Records from a data collection:
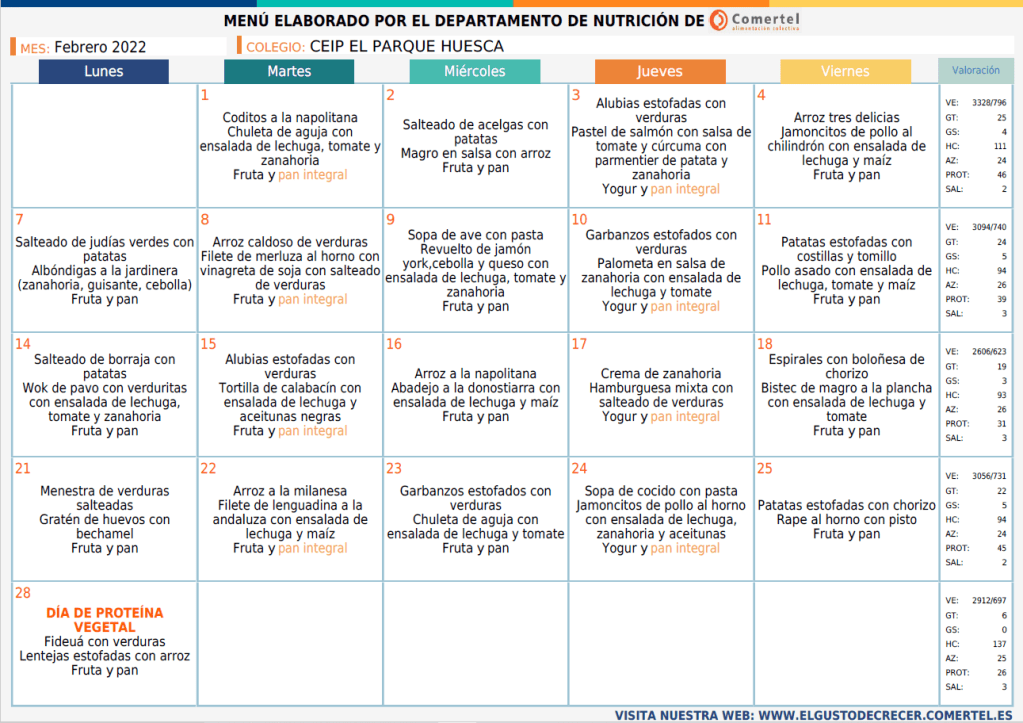 28/01/202228/01/2022 Colegio Público "El Parque" Huesca MENÚ DE FEBRERO Menú de febrero (pdf)Descarga Comparte:Tweet Haz clic para enviar un enlace por correo electrónico a un amigo (Se abre en una ventana nueva) Correo electrónico Haz clic para imprimir (Se abre en una ventana nueva) Imprimir Me gusta Cargando...
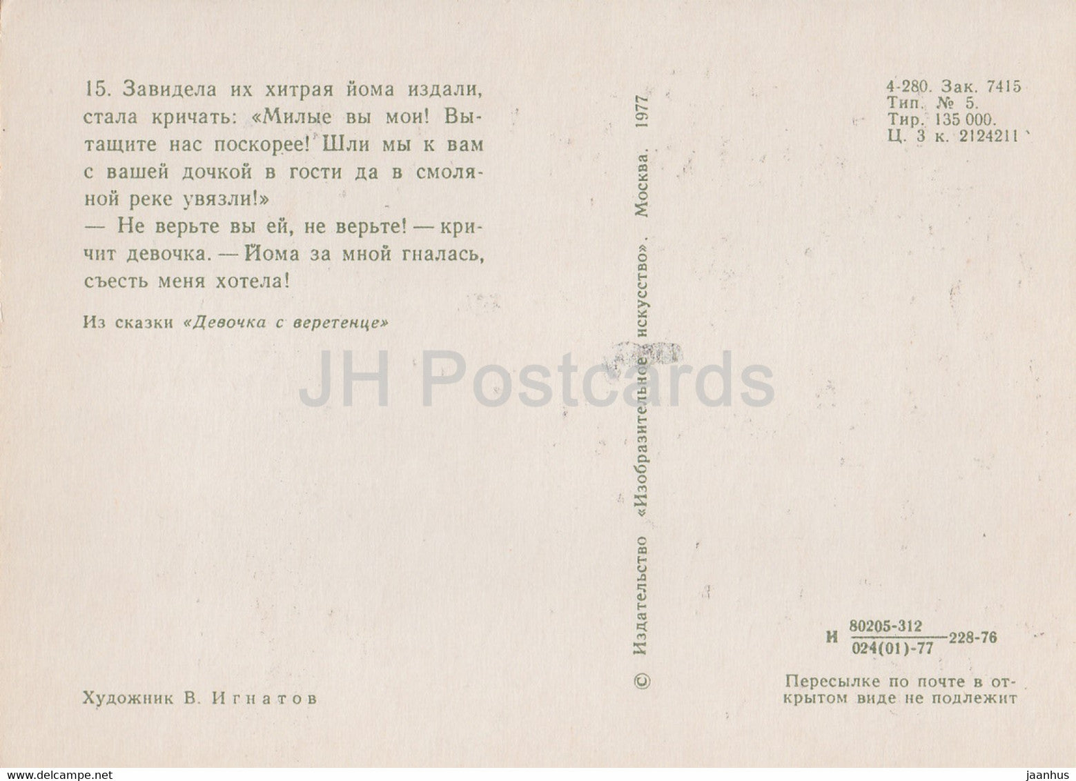 illustration de V. Ignatov - Fille au fuseau - Conte de fées Komi - 1977 - Russie URSS - inutilisé
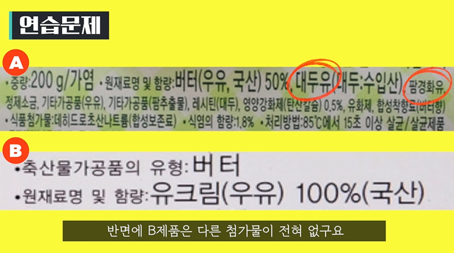 한 가지 예시를 들자면 아래 두 제품 모두 버터지만 A제품의 경우 대두유, 팜 경화유와 같은 식용유가 들어가지만 B 제품은 첨가물 없이 100% 우유로 만들어진 것을 알 수 있습니다.
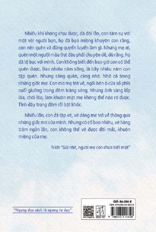 "Nhiều khi không chịu được, đã đôi lần, con tâm sự với một vài người bạn, họ đã bạo miệng khuyên con rằng, con nên quên và đừng quyến luyến làm gì. Nhưng mẹ ơi, quên một người máu thịt đâu phải là chuyện dễ, dù rằng, họ đã tệ bạc với mình. Con không biết đến bao giờ con có thể quên được. Bao nhiêu năm sống, là bấy nhiêu năm con tập quên. Nhưng càng quên, càng nhớ. Nhớ cả trong những giấc mơ. Con mơ mẹ trở về, ngồi bên ô cửa sổ phía cuối giường trong đêm trăng sáng. Nhưng ánh sáng lấp lói, chói lòa, làm khuôn mặt mẹ không thể nào rõ được. Tỉnh dậy trong đêm rồi bật khóc. Nhiều lần, con đã tập vẽ, vẽ dáng mẹ trở về thông qua những giấc mơ của mình. Nhưng có cố bao nhiêu, vẽ hàng trăm ngàn lần, con không thể vẽ được đoi mắt, khuôn miệng của mẹ." Trích "Gửi nhé, người mẹ con chưa biết mặt"
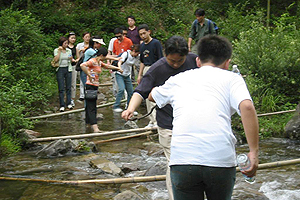 龙王山自然保护区位于龙王山山腰上。100多平方公里的连绵山脉,其间大大小小的山涧飞瀑和600余种植被构成了龙王山自然保护区独特的自然景观。此次拓展活动主要有爬山、速降、溯溪三项, 在同事之间的团结配合下,三项活动均有条不紊地进行并出色完成。

■ **WHAT THE TASK ASKS**: Could the data above be returned in full, exactly, with every image left out?

■ **RESULT OF THE EXERCISE**:
 28/01/202228/01/2022 Colegio Público "El Parque" Huesca MENÚ DE FEBRERO Menú de febrero (pdf)Descarga Comparte:Tweet Haz clic para enviar un enlace por correo electrónico a un amigo (Se abre en una ventana nueva) Correo electrónico Haz clic para imprimir (Se abre en una ventana nueva) Imprimir Me gusta Cargando...
 illustration de V. Ignatov - Fille au fuseau - Conte de fées Komi - 1977 - Russie URSS - inutilisé
 한 가지 예시를 들자면 아래 두 제품 모두 버터지만 A제품의 경우 대두유, 팜 경화유와 같은 식용유가 들어가지만 B 제품은 첨가물 없이 100% 우유로 만들어진 것을 알 수 있습니다.
 "Nhiều khi không chịu được, đã đôi lần, con tâm sự với một vài người bạn, họ đã bạo miệng khuyên con rằng, con nên quên và đừng quyến luyến làm gì. Nhưng mẹ ơi, quên một người máu thịt đâu phải là chuyện dễ, dù rằng, họ đã tệ bạc với mình. Con không biết đến bao giờ con có thể quên được. Bao nhiêu năm sống, là bấy nhiêu năm con tập quên. Nhưng càng quên, càng nhớ. Nhớ cả trong những giấc mơ. Con mơ mẹ trở về, ngồi bên ô cửa sổ phía cuối giường trong đêm trăng sáng. Nhưng ánh sáng lấp lói, chói lòa, làm khuôn mặt mẹ không thể nào rõ được. Tỉnh dậy trong đêm rồi bật khóc. Nhiều lần, con đã tập vẽ, vẽ dáng mẹ trở về thông qua những giấc mơ của mình. Nhưng có cố bao nhiêu, vẽ hàng trăm ngàn lần, con không thể vẽ được đoi mắt, khuôn miệng của mẹ." Trích "Gửi nhé, người mẹ con chưa biết mặt"
 龙王山自然保护区位于龙王山山腰上。100多平方公里的连绵山脉,其间大大小小的山涧飞瀑和600余种植被构成了龙王山自然保护区独特的自然景观。此次拓展活动主要有爬山、速降、溯溪三项, 在同事之间的团结配合下,三项活动均有条不紊地进行并出色完成。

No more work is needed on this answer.